Press Release on holiday and Christmas subsidies at Banco de Portugal
Following the request of 11 January 2012 lodged by Mr. João Pinho de Almeida (member of Parliament for the CDS-PP party), and without prejudice to the fact that the requested information is already fully or partly reflected in the further clarifications on Banco de Portugal's salary containment measures in 2012, issued by the Board of Directors on 13 January 2012, the following letter of reply was sent today:
1. Banco de Portugal’s statute as national central bank and the principles governing the relationships between central banks and their national authorities, notably the principle of central banks’ independence and the prohibition of their financing of the state and public sector, establish that the European Central Bank (ECB) shall be consulted by national authorities on any draft legislative provision in its fields of competence, including human resources management.
In accordance with the opinion issued by the ECB in November 2010 and requested by the Portuguese Parliament (CON/2010/80), the State must refrain from imposing wage or any other restrictions on the central bank, where they take away its powers of internal organisation or impair its ability to employ or retain qualified staff as deemed necessary for a proper performance of its tasks within the European System of Central Banks (ESCB). According to the said ECB Opinion, to safeguard this objective, any measures affecting the central bank must only be approved by legislative bodies after close cooperation with the central bank.
2. The State Budget Law for 2012 (Law No 64-B/2011 of 30 December 2011) did not establish that Banco de Portugal would have to apply the public sector employee remuneration provisions, including the provision on the suspension of the holiday and Christmas subsidies. By not including Banco de Portugal in the scope of the public sector employee remuneration provisions, the State Budget Law for 2012, similarly to that for 2011, has chosen to entrust Banco de Portugal with the responsibility of defining, in the exercise of its independence, the measures deemed necessary to bring the Bank’s remuneration policy into line with the social and economic environment of which it is part. However, certain constraints flow from this that Banco de Portugal must abide by, while acting in accordance with the law.
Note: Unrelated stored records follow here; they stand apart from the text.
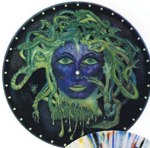
Kunst auf der Platte: „The Label“ von Various Artists (1979) (oben) und

Trotzdem wird farbiges Vinyl meist nur für eine begrenzte Auflage von 2000 oder 500 Platten verwendet. Und was selten ist, hat einen hohen Wert. Die orangefarbene italienische Ausgabe von Pink Floyds „The Wall“ etwa kostet 1800 Euro. Und was hohen Wert hat, gehört ausgestellt. Lange also ist eine Sammlung dieser Plattenästhetik überfällig. Das Buch „Extraordinary Records“ zeigt über 400 Schallplatten - ihre Farben und ihre Formen. Kaum ein Künstler der Popgeschichte, der nicht in „Extraordinary Records“ vertreten ist: David Bowie, Queen, Prince, die Beatles, Michael Jackson und natürlich Elvis Presley. Die Individualität der Künstler spiegelt sich in der Gestaltung der Platten. Von gold bis durchsichtig, mal bemalt, mal bedruckt, mal leuchten sie im Dunkeln. Eine LP ist wie eine Pizza mit Tomaten und Paprika belegt. Einer Platte der Simple Minds im violetten Batik-Muster folgen die sogenannten Shaped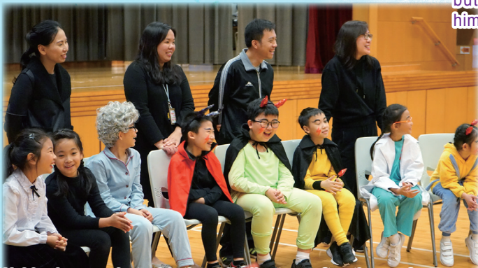
We'd a happy chat with the adjudicators after the performance!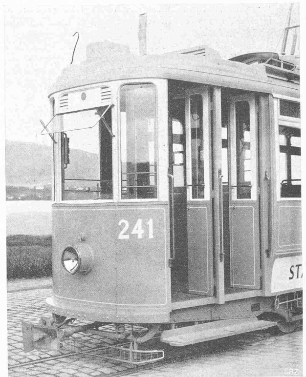
Abb. 6. Hinteres Motorwagen-Ende, Ein- und Ausstieg-Türen.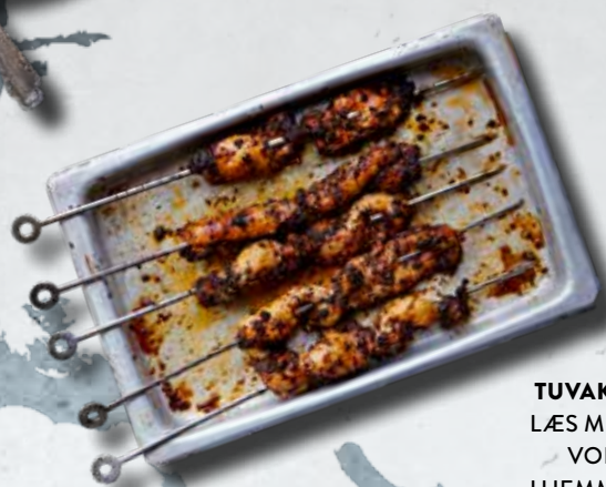
TUVAK SPITS LÆS MERE PÅ VORES HJEMMESIDE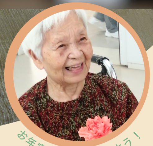
お年寄りとお話をしよう!

高校生の皆さんと旭川荘厚生専門学院（介護福祉学科）の学生と一緒に、おじいちゃん・おばあちゃんに笑顔になってもらう企画です。相手に感動を与えて自分も感動できる、そんなボランティア活動を目指しています。「人の役に立ちたい」気持ちを活かしてチャレンジしてみませんか！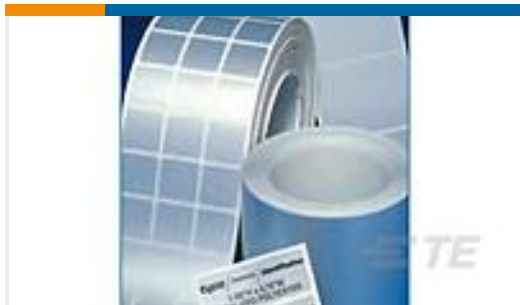
TE 产品编号C17298-000 WP-381064-10-9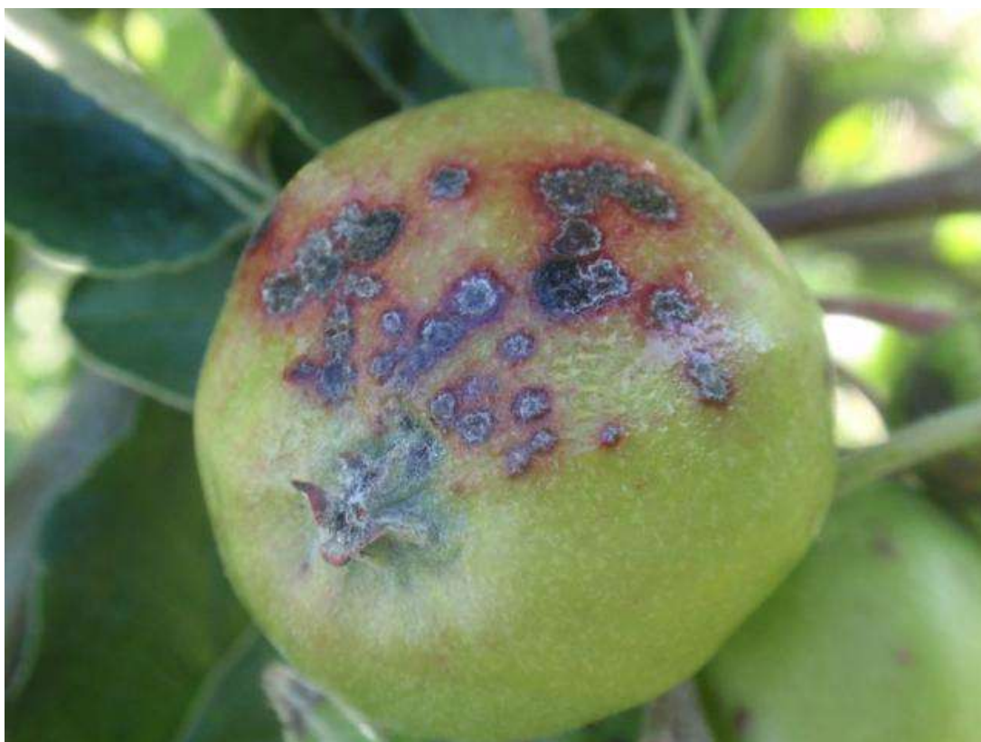
SLIKA 5. SIMPTOM ČAĐAVE KRASTAVOSTI NA PLODU JABUKE (IZ PRETHODNE VEGETACIJE)

3. Banco de Portugal had already expressed its commitment in early 2011 to follow the salary containment effort in the public sector, by adopting the measures deemed necessary for that purpose. It did not do so to contribute to budgetary consolidation via the maximisation of financial results, given that this management criterion is prohibited under ESCB rules, but to comply with a principle of solidarity that it sees as its duty. However, in defining a salary containment policy for itself, Banco de Portugal may only use instruments that are compatible with the (individual and collective) contractual nature of the relationships with its employees and the rules governing these relationships.
4. The salary containment measures chosen for 2011 and 2012 were subject to the legal framework governing Banco de Portugal, which is bound by the Labour Code and the collective bargaining agreements in force, and not by the Budget Law. This notwithstanding, Banco de Portugal has decided to implement wage remuneration containment and benefit reduction measures in 2012 leading – on a general and comparable basis – to an equivalent effect to that arising from a suspension of the holiday and Christmas subsidies of its staff. The Directors of the Board of Banco de Portugal have chosen to forego these subsidies in 2012.
5. It should be noted that since Portugal joined the euro and Banco de Portugal was integrated into the Eurosystem, the Bank’s areas of intervention have been widened, and the qualification requirements of its staff have become more stringent. Despite the extension of tasks, Banco de Portugal has progressively reduced its staff. The number of staff members went down from 1,826 (end-1999) to 1,689 (end-2011). The latter figure already includes the recruitment drive under the organisational restructuring for the Bank’s new tasks in banking supervision. Optimisation and rationalisation of human resources is hence an objective pursued at the Bank, culminating with the adoption of a series of containment measures with structural repercussions on personnel costs last year. From a multi-annual standpoint, the trend of personnel expenses from 2005 to 2011, in which the number of staff remained generally stable, clearly illustrates the results of this salary containment policy. Costs in this period declined by around 4.5% in nominal terms, representing a decline of around 17% in real terms.
6. It was never the intention of Banco de Portugal to circumvent the efforts implied by the State Budget Law, much less use the principle of independence for that. However, Banco de Portugal cannot accept responsibility for a salary decision that it cannot legally make.
7. Pursuant to this principle, as an autonomous institution Banco de Portugal is prepared to decide on the suspension of the holiday and Christmas subsidies of its employees, in similar conditions as those applicable to the public sector, so long as the competent authorities consider the possibility, after due consultation with the ECB, of adopting legislative provisions authorising it, by way of derogation from the obligations provided for in the employment law and the relevant collective bargaining agreements. Banco de Portugal is thus fully open to defining such solutions, as an alternative to the previously mentioned measures of equivalent effect.